Teacher pay won’t be the sole focus at the conferences, as the sector comes to terms with the death of headteacher Ruth Perry, who died by suicide as she awaited the results of an Ofsted inspection of the primary school she ran in Reading. Perry’s death has raised a number of questions over the relative bluntness of the Ofsted process, and many are calling for an urgent review of the school inspectorate. On March 23, NEU teachers and headteachers handed in a petition signed by 45,000 people to Downing Street calling for the replacement of the authority with a more ‘fair and effective’ system, and a number of fringe events and motion amendments focusing on the future of school inspection have been scheduled at both conferences.
Donald Trump, who yesterday became the first former US president to face criminal charges when Manhattan District Attorney Alvin Bragg confirmed Trump had been indicted, is expected to surrender on Tuesday (April 4), when he will be fingerprinted, photographed, and appear in a Manhattan court. Trump’s reaction to news of the indictment on Thursday – releasing a statement accusing Bragg of election interference and of ‘doing Joe Biden’s dirty work’ – gives a flavour of the mayhem that is about to unfold.
French President Emmanuel Macron begins a four-day visit to China on Wednesday (April 5), where he will be joined by European Commission President Ursula von der Leyen for a trilateral meeting with President Xi Jinping in Beijing on Thursday (April 6). The two European leaders are expected to reiterate calls for China to go no further in supporting Russia over Ukraine following Xi’s visit to Moscow, with von der Leyen warning in a hawkish speech yesterday that the future of the EU-China Comprehensive Agreement on Investment (CAI) could be at stake over China’s approach to the conflict. Their trip follows Ukrainian President Volodymyr Zelenskyy’s AP interview this week in which he said he had not been in contact with Xi for over a year but would welcome a visit. Xi had been expected to speak with Zelenskyy shortly after his trip to Moscow, though that call does not appear to have materialised.
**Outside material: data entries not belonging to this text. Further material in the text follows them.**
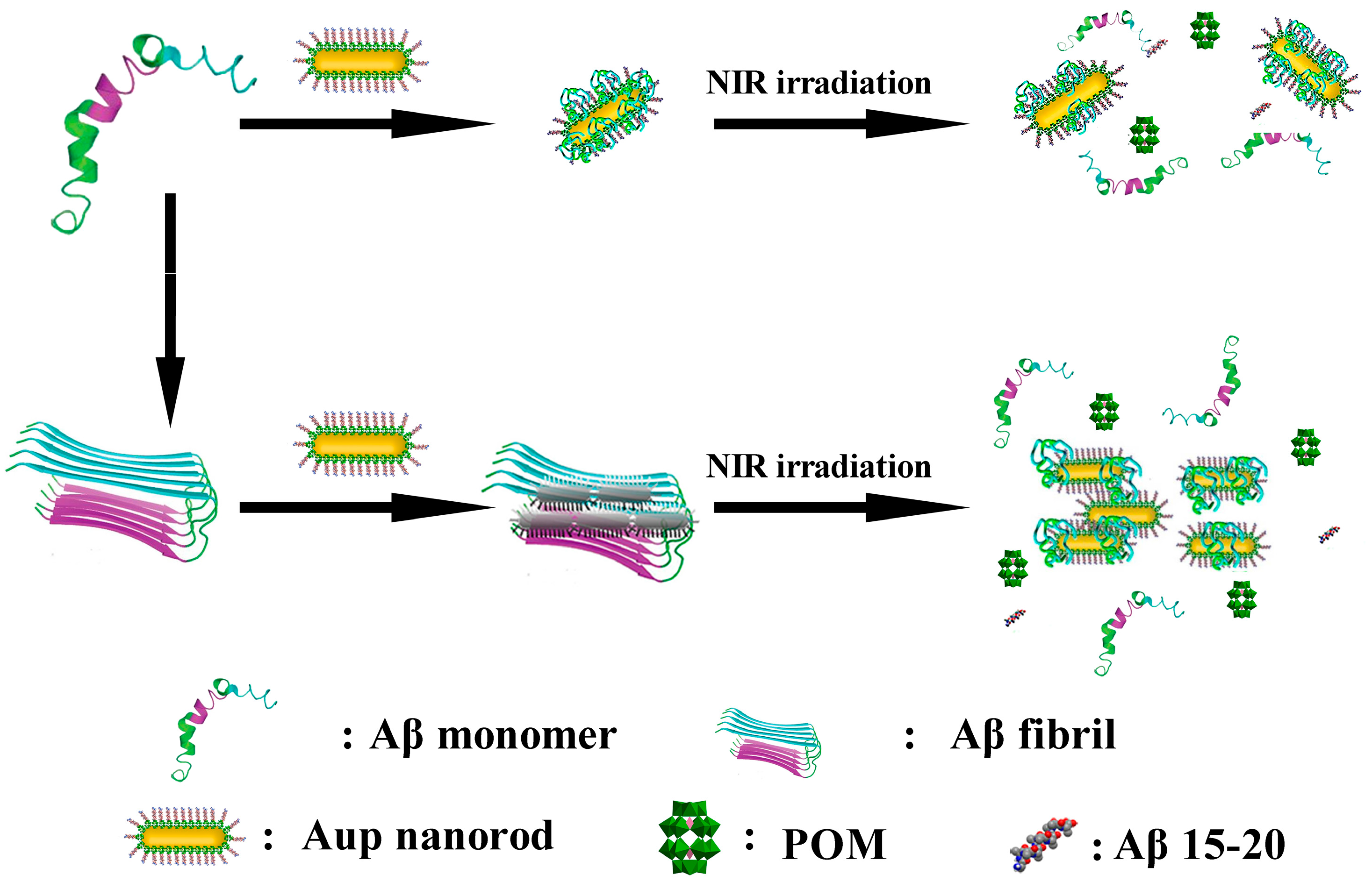 | 18 | Aβ | AuP | Aβ15-20 targeting → POMs/peptide inhibition → NIR photothermal Aβ fibril disassembly | BBB Penetration: 2.097 ± 0.337% (Brain Au accumulation); PC12 viability ↓ ~46% (Aβ 5μM). | [57] | |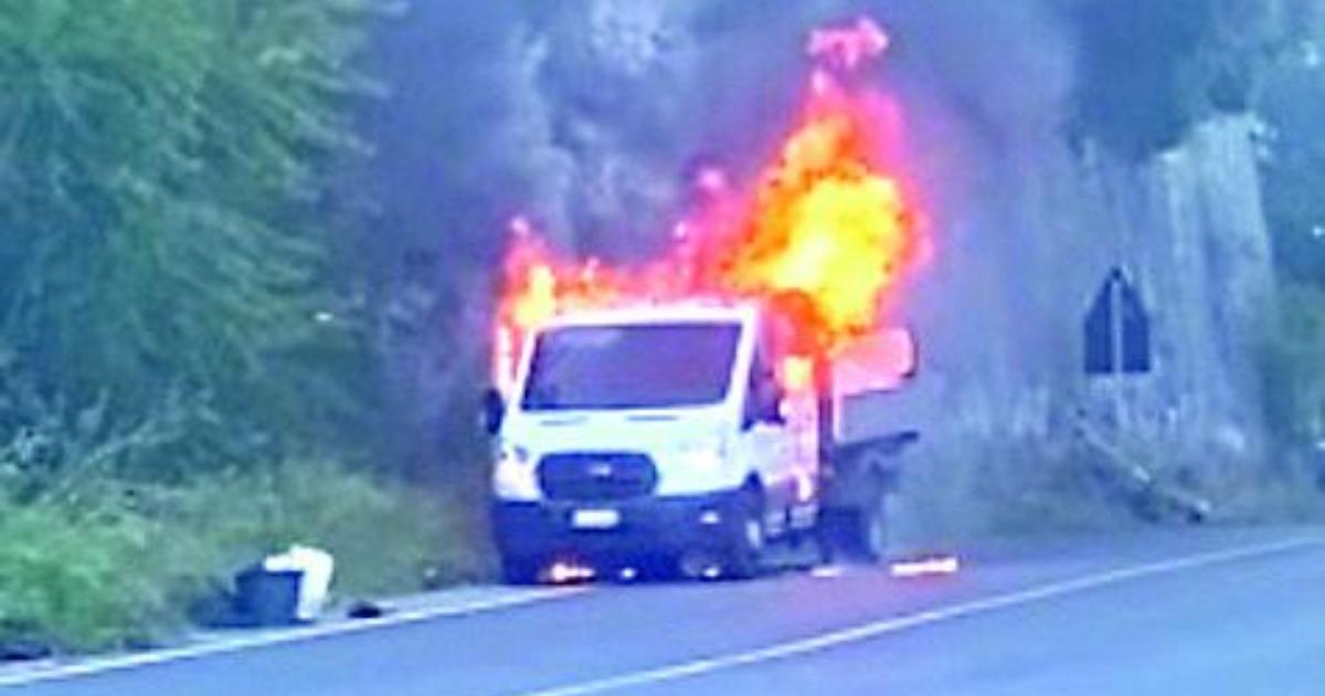 Paura questa mattina sulla Cassia Sud all'altezza del Ponte dell'Elce. Per causa che sono ancora in corso d'accertamento, un furgone con a bordo due operai ha preso fuoco.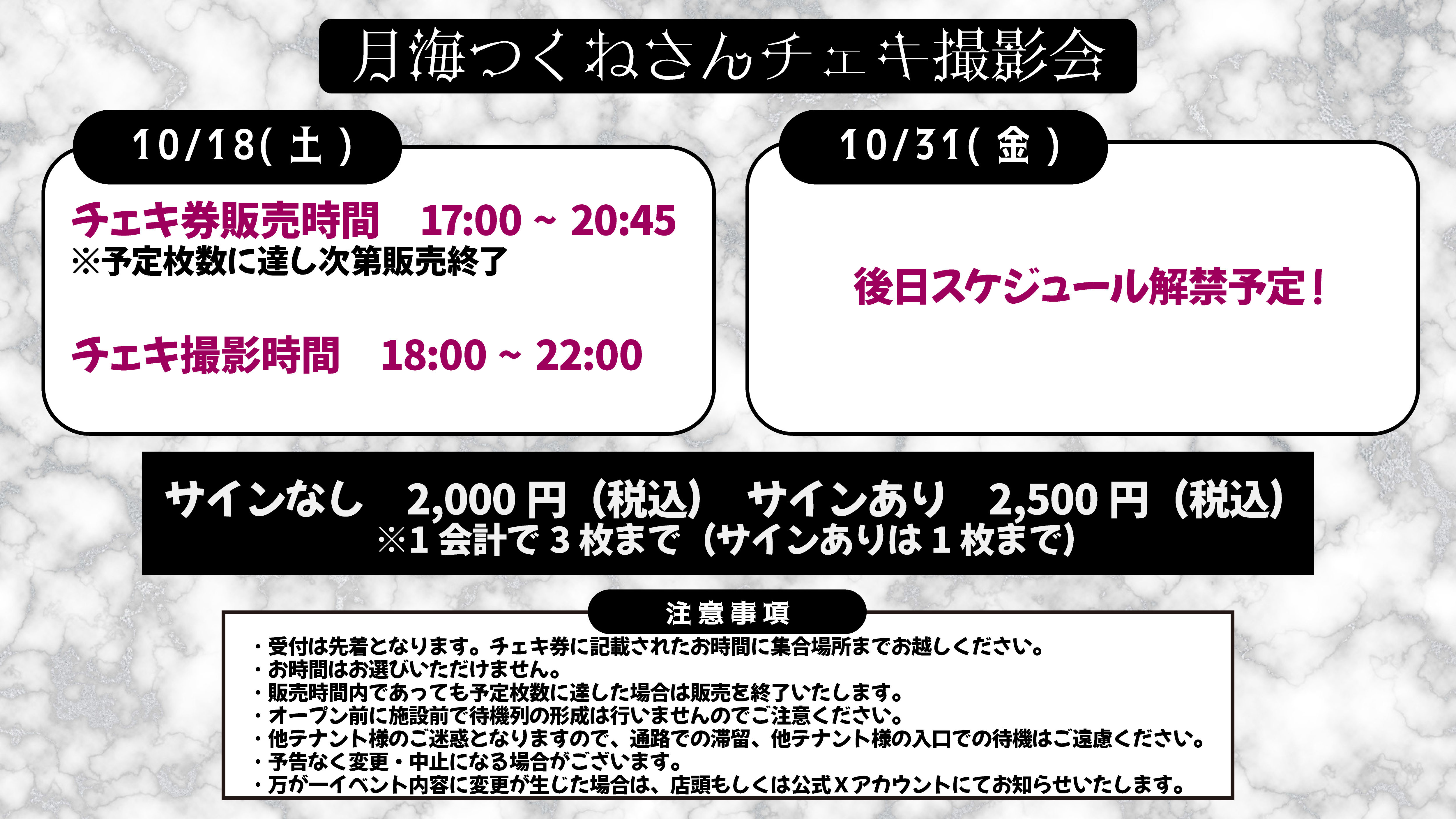 会期中の合計2日間、月海つくねさんのチェキ撮影会を開催いたします。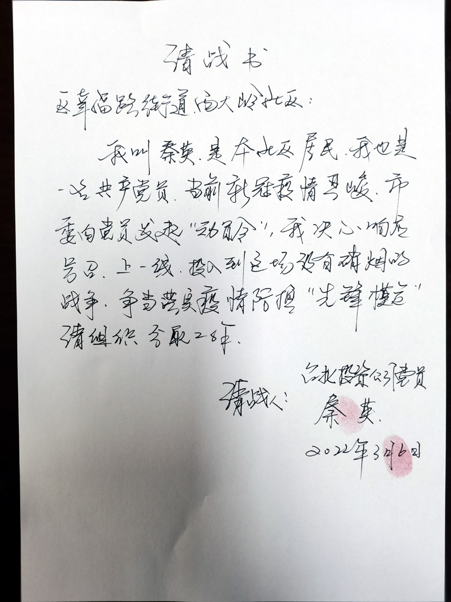 隨著市政府的快速響應,不到中午就開始全區(qū)核酸檢測,突地一下工作人員不夠用了?!耙咔榫褪敲睿揽鼐褪秦熑巍?,秦英主動聯系海州區(qū)幸福路街道西大嶺社區(qū),在咨詢志愿者報名的同時,鄭重地并向社區(qū)遞交了一份疫情防控“請戰(zhàn)書”。與此同時,她還動員她所在的“工投舞蹈隊”一幫姐妹,迅速成立一支抗疫志愿者隊伍,自發(fā)維護小區(qū)防控秩序,參與小區(qū)噴灑消毒、衛(wèi)生清掃、鄰居物資代購、心理疏導等工作中。幾千人的小區(qū)在她的感染帶動下,擰成一股繩、攥成一個拳,群防群控,筑起一道廣泛堅實的防疫戰(zhàn)線。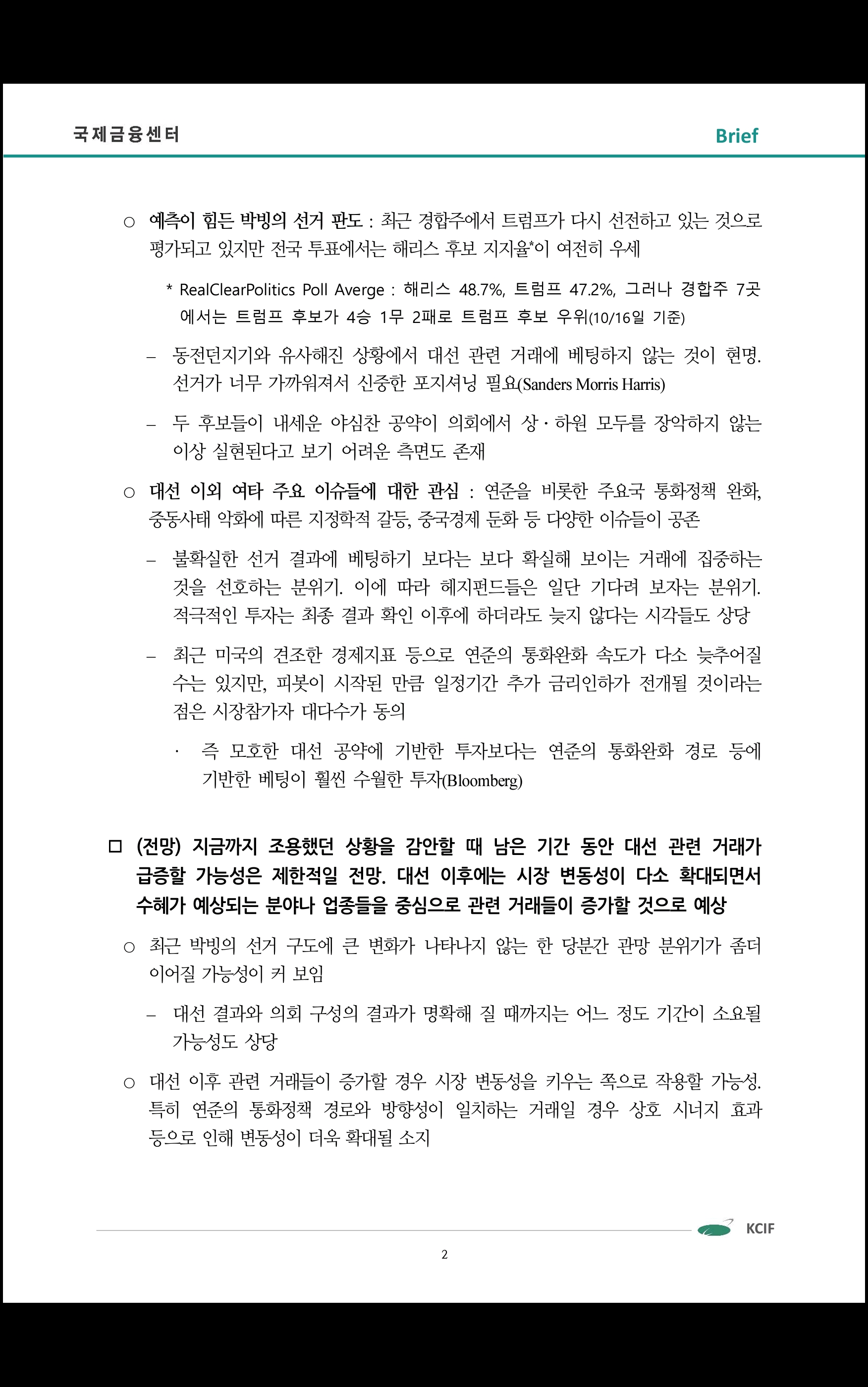 트럼프 트레이드 or 해리스 트레이드? (국제금융센터)

Russian President Vladimir Putin, meanwhile, will host his Belarusian counterpart Alexander Lukashenko for talks on Thursday (April 6) in what will be their first in-person encounter since Putin announced he planned to deploy tactical nuclear weapons in Belarus, ostensibly in response to Britain’s announcement that it would send Ukraine armour-piercing rounds containing depleted uranium. Ukraine denounced Putin’s announcement as ‘nuclear blackmail’ and called for an urgent UN Security Council session, which takes place today, though US officials have expressed scepticism about the planned deployment. In any case, the meeting between the Russian and Belarusian leaders is likely to be closely watched in Western capitals for further details regarding future military cooperation between Minsk and Moscow.